The important question we need to ask, then, is whether England
had a "unique" group of peasant holders. A full answer to this
question would require a comparative study of the world
peasantries.
But we have enough research on the peasantries of England and
France to say that: 1) through the medieval period there were
regions in England - counties in the east and southeast - where a
"freeholding" peasantry prevailed, a peasantry whose fields were
"enclosed", held under private property rights, including exclusive
rights of use, that is, fields which enjoyed weaker manorial rule and
less customary regulations; 2) these fields were already consolidating
farms after 1350, by leasing land from the lord's demesne and
through a process known as "engrossing"; 3) these farmers
obtained higher yields per seed through extensive use of
leguminous plants and complex crop rotations; and 4) later became
the tenants (leaseholders) of the large enclosed estates.

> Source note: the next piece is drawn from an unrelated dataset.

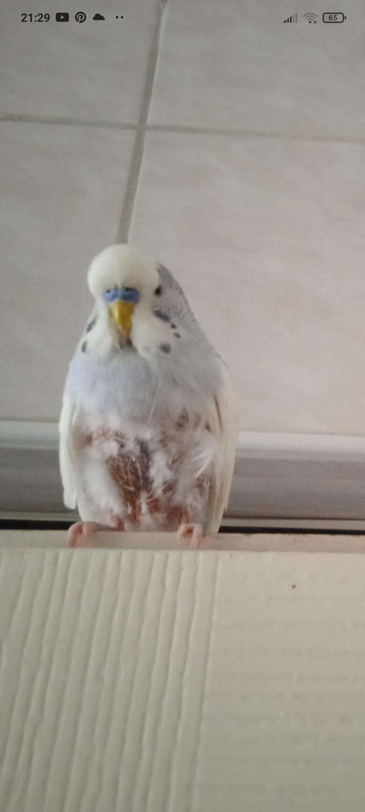Minnoş isimli kuş 4 yaşında Mavi ve beyaz renkli Cinsiyeti erkek

5) some copyholders also managed
to engross additional parcels of land, and had a lot
more security of tenure against enclosing landlords than previously argued,
with Parliament many times intervening in their favor against landowners.
Meanwhile, in France, to quote Croot and Parker "the real crime of
the French Monarchy was *not* that it bolstered peasant ownership but
that (together with the church, seigneurs and landowners) it
depressed it so brutally. The consequence was that the countryside
lost its most dynamic force - a class of truly independent peasants"
- despite all their talk about the "independent" farmers of France,
Brenner and Wood have yet to respond to this argument.
These conclusions are in line with the arguments of the
international socialist R. H. Hilton - so I am a real Marxist afterall!